In the embodiment of the present application, based on the power generation principle of the wind power supply module 11, the generator for converting wind power energy in the wind power supply module 11 is placed at a position without shielding, that is, above the intelligent ring main unit module 13.

In the embodiment of the present application, based on the power generation principle of the photovoltaic function module 12, the photovoltaic panel 121, which performs the photoelectric energy conversion work in the photovoltaic energy supply module 12, is placed at a position where sunlight can penetrate directly, that is, directly above the intelligent ring main unit.

Referring to fig. 1, the intelligent ring main unit module 13 mainly includes four cabinet bodies, which are an intelligent cabinet body 131, an incoming ring main unit 1371, an outgoing ring main unit 1372, and a voltage transformer ring main unit, which are arranged in parallel. Optionally, the four cabinets are all implemented as stainless steel material structures. Optionally, the intelligent ring main unit module 13 has an outdoor box body capable of accommodating the four modules, and the box body is also made of stainless steel, so as to realize double-layer protection of the indoor components of the outdoor ring main unit 1. In this embodiment, the structure of the incoming line ring main unit 1371, the outgoing line ring main unit 1372, and the voltage mutual inductance ring main unit is the same as the structure of the conventional ring main unit, and details are not repeated herein. The intelligent cabinet 131 is internally provided with a double-switch 132, a direct current bus module 133, a wind and light complementary controller 134, a battery assembly 135 and an inverter unit module 136 according to the size of the accommodating space. In one example, the dc link module 133 is an APV-M10 model, and is composed of a dc circuit breaker, a dc fuse, an anti-reverse diode, a data acquisition module, a protection unit, and a human-computer interface; the model of the inversion unit module 136 is SG5MX, and the inversion unit module is composed of an inversion bridge, a control logic circuit and a filter circuit. The wind-solar hybrid controller 134 is an intelligent controller designed for a wind energy and solar energy power generation system, and integrates wind energy control and solar energy, so that wind energy and light energy resources are fully utilized for power generation, and the situation that power supply is insufficient or unbalanced due to the adoption of a single energy source can be reduced.

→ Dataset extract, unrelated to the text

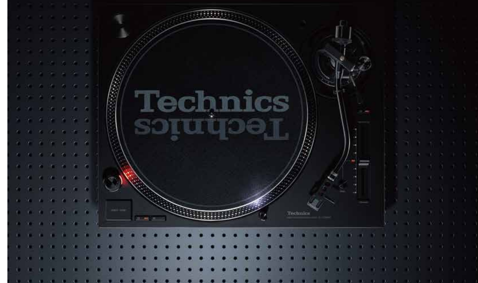
Sistema Giradischi a Trazione Diretta

Accessori Giradischi, Tappetino, Pannello, Coperchio antipolvere, Adattatore disco EP, Contrappeso, Portatestina, Set di viti per testina, Cavo PHONO, Cavo di messa a terra PHONO, Cavo di alimentazione CA, Manuale di istruzioni.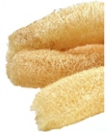
Espanja de Lufa Loofah Sponge

Next, the operation principle of the present application will be described with reference to the electrical connection relationship between the components in the embodiment of the present application.

Referring to fig. 2, in the outdoor ring main unit 1 with the wind and photovoltaic hybrid function provided in the embodiment of the present application, there are two power supply loops in total, where one power supply loop is a traditional loop that uses the power supplied by the local power grid as the power source: the local power grid supplies power to the incoming line ring main unit 1371, and the incoming line ring main unit 1371 processes the electric load, shunts to outgoing line ring main unit 1372 and voltage transformer ring main unit 1373 respectively. The outgoing ring main unit 1372 converts the electric load into voltage required by the lower-level equipment and provides an important load for the lower-level equipment; the voltage transformer network cabinet converts the electric load into 220V voltage required by an internal system of the ring main unit, and the double-switch 132 is used as a trigger device for power supply. In addition, the other circuit is a circuit which takes the wind driven generator 111 and the solar photovoltaic panel 121 as power sources: the wind driven generator 111 and the solar photovoltaic panel 121 respectively generate power by separating power generation and photovoltaic power generation, transmit the obtained electric energy to the direct current convergence module 133, and transmit the electric energy to the wind-solar hybrid controller 134 after the direct current convergence module 133 performs direct current convergence. The wind-solar hybrid controller 134 sends part of the electric energy to the battery assembly 135 for storage, and other electric energy is sent to the inverter unit module 136, and the same double-switch 132 is used as a trigger device for power supply. In use, the double-break switch 132 can select either circuit to be powered.

It should be noted that the electrical connection described in the embodiments of the present application is a connection of a current path formed by a wire. In the present application, each component mechanism as shown in fig. 2 has an energizing function.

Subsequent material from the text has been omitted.